JUAN COLE, INFORMED CONSENT, 09/07/2024

Ann Arbor (Informed Comment) – Basil Maghrebi at the Israeli newspaper Arab 48 reports that on Friday, Israeli troops killed an American observer in the West Bank with a gunshot to her head, as she participated in a procession at Beita south of Nablus in the Palestinian West Bank. Aysenur Eygi, 26, a US citizen, was a recent graduate of the University of Washington in Seattle and was volunteering with the International Solidarity Movement (ISM). Beita residents are constantly harassed by illegal Israeli squatters who have stolen Palestinian land at nearby Eviatar for their squatter-settlement.

The occupation army said in a statement, “During activity of the security forces near the village of Beita today, the force responded with fire toward a principal instigator who was throwing stones toward the forces and constituted a danger to them. We are undertaking an investigation of reports of the death of a foreign national in the area, and the circumstances and details of her injury.”

(Cole: I call bullshit on this “statement.” It is illegal to fire live ammunition at unarmed protesters. Protesters do not pose a danger to heavily armed Israeli security forces. Eyewitnesses say that the real reason the Israeli troops opened fire was an attempt to stop the protest march, which of course is a war crime every which way from Sunday, or from Friday as the case may be.

Fellow protester Jonathan Pollack said, “It was quiet. There was nothing to justify the shot. The shot was taken to kill.”)

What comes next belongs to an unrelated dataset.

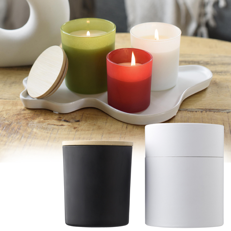 Glazen kaars met plantaardige was en een deksel van bamboe.
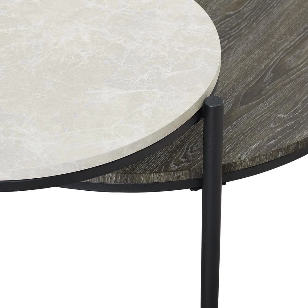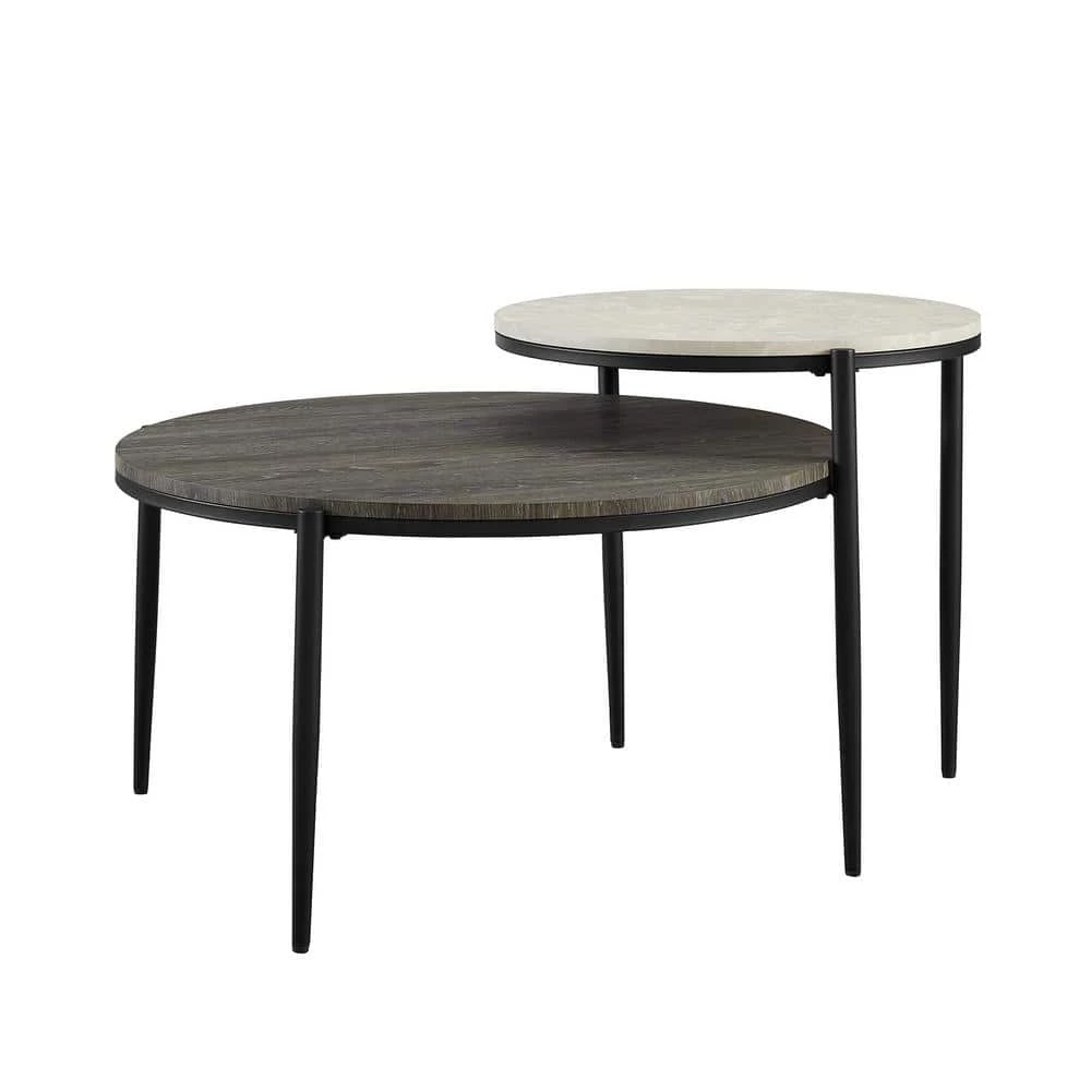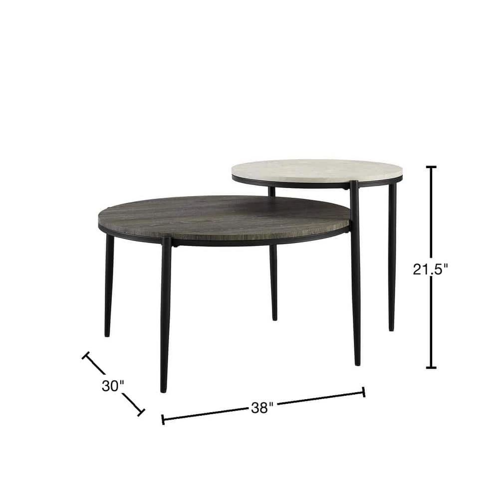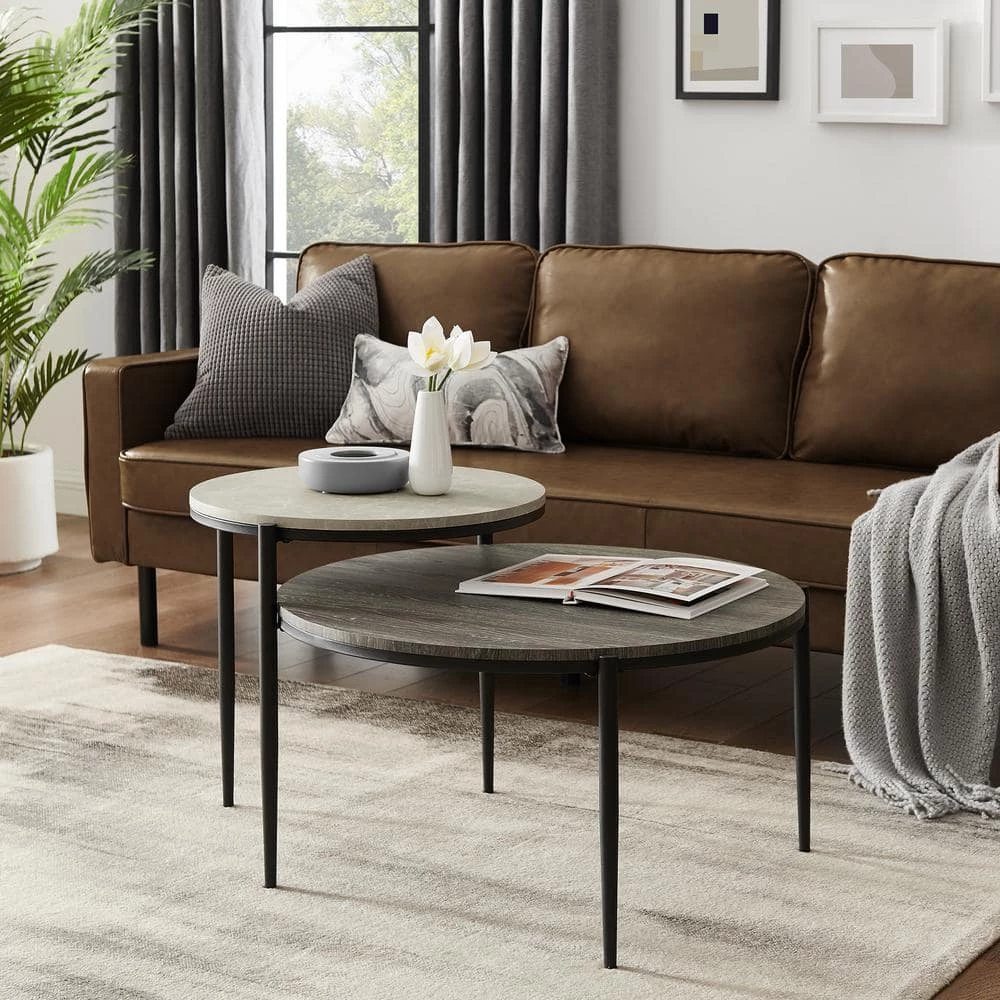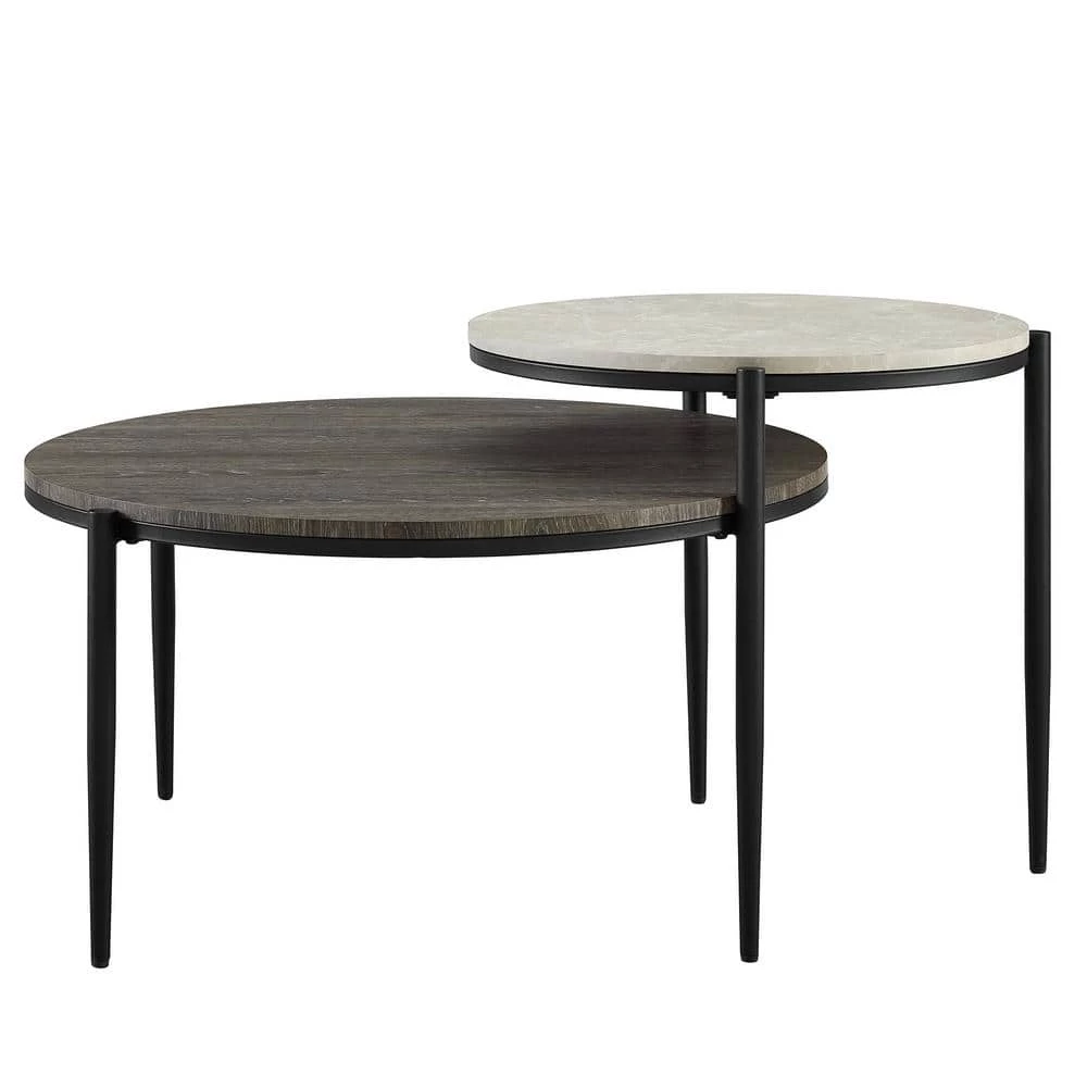 Level up your home decor with this tiered circular cocktail table. The 2-round tiers are fixed in place so you don’t have to worry about artful arrangement-it’ll always be set in a sophisticated position. Plus, the metal tapered legs incorporate a modern vibe while the capped feet protect floors. Made of powder-coated metal, warp-resistant MDF and durable laminate, this 2-tone coffee table not only has an industrial look, but also has a strong build.

Moreover, The US State Department, which would have gone ballistic if Hamas or Putin had killed an American, issued mealy-mouthed pablum. They are going to “gather information.” But they didn’t act that way in other instances where a foreign military shot down an American in cold blood.

The Turkish foreign ministry said, “We condemn the crime of murder committed by the Netanyahu government.”

Maghrebi writes that medical sources revealed that Eygi was struck by Israeli live fire in the head, suffering a grave wound, during the occupation army’s attempt to suppress a weekly march at Beita protesting the Israeli colonization of the West Bank. Strenuous efforts were made to save her life, but she succumbed to her wounds.

The director of the hospital, the Rafidia Surgical Hospital in Nablus, Fuad Nafiah, announced the death of the American solidarity protester, Aysenur Ezgi Eygi. As she reached the hospital, there was brain tissue outside her cranium. The medical team provided her with cardiopulmonary resuscitation for a few minutes, but she died of her injuries.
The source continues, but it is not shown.